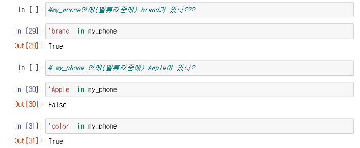 딕셔너리 연산 5. 딕셔너리 구조는 리스트 구조와 유사하게 in 함수로 데이터내에 특정한 함수가 있는지 판별
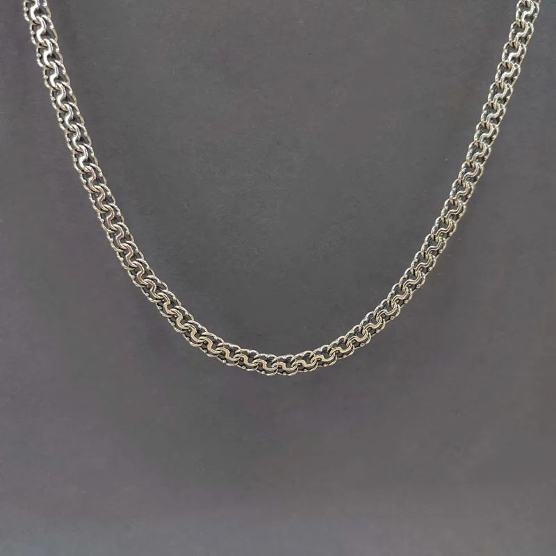 Срібний чоловічий ланцюг середньої ваги (~25 г) з чернінням. Модель відрізняється стриманішим і більш благородним характером у порівнянні з масивними ланцюгами — вона не масивна, але має виразну форму і чітку геометрію плетіння. Ланцюг підкреслює стиль власника, добре поєднується з урбаністичними та кежуал образами і підходить чоловікам, які цінують стильні, але не надто помітні аксесуари.
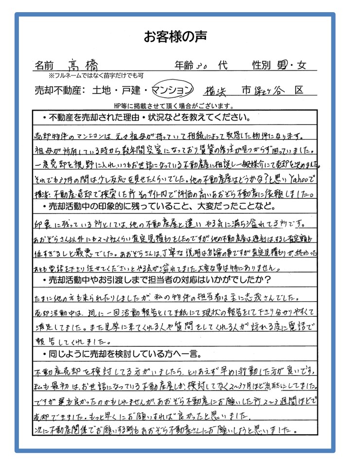 お願いした所2~3週間ほどで売却できました。 | 横浜市の不動産売却、査定・買取なら(株)あおぞら不動産
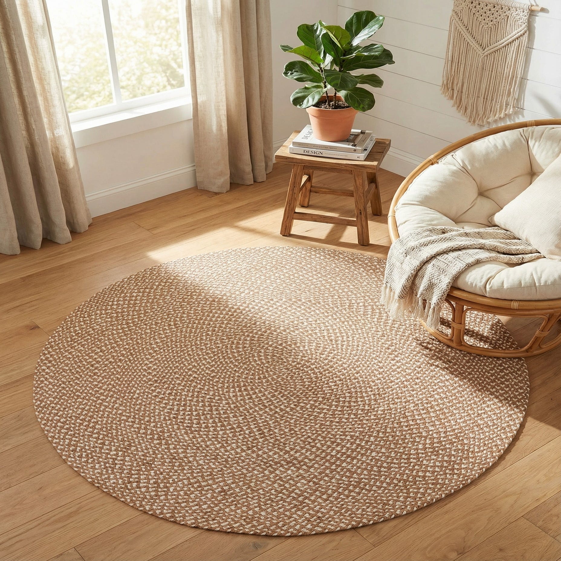 This rug works well in casual, layered interiors such as coastal, farmhouse, or relaxed Scandinavian schemes. Place it under a round dining table or bistro set, layer it beneath a seating group to add grounding texture on hardwood floors, or tuck it into a sunroom, entry, or reading nook to soften the space. It pairs nicely with rattan and wood furniture, linen upholstery, and neutral palettes where its light brown and ivory tones can complement warm woods and woven accents.
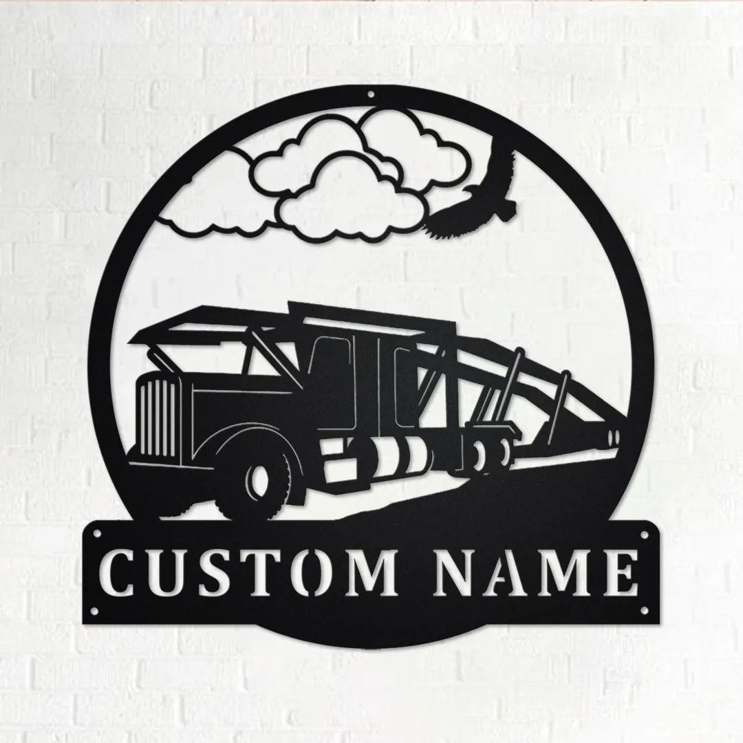 Custom Car Hauler Truck Metal Wall Art, Personalized Truck Driver Name Sign Decoration For Room, Car Hauler Truck Home Decor, Custom Truck
·····
◆ Exercise aim ◆
Starting at the line that contains "This rug works", restate every line through the end of the records exactly as written, but leave the pictures out.

◆ Exercise output ◆
 This rug works well in casual, layered interiors such as coastal, farmhouse, or relaxed Scandinavian schemes. Place it under a round dining table or bistro set, layer it beneath a seating group to add grounding texture on hardwood floors, or tuck it into a sunroom, entry, or reading nook to soften the space. It pairs nicely with rattan and wood furniture, linen upholstery, and neutral palettes where its light brown and ivory tones can complement warm woods and woven accents.
 Custom Car Hauler Truck Metal Wall Art, Personalized Truck Driver Name Sign Decoration For Room, Car Hauler Truck Home Decor, Custom Truck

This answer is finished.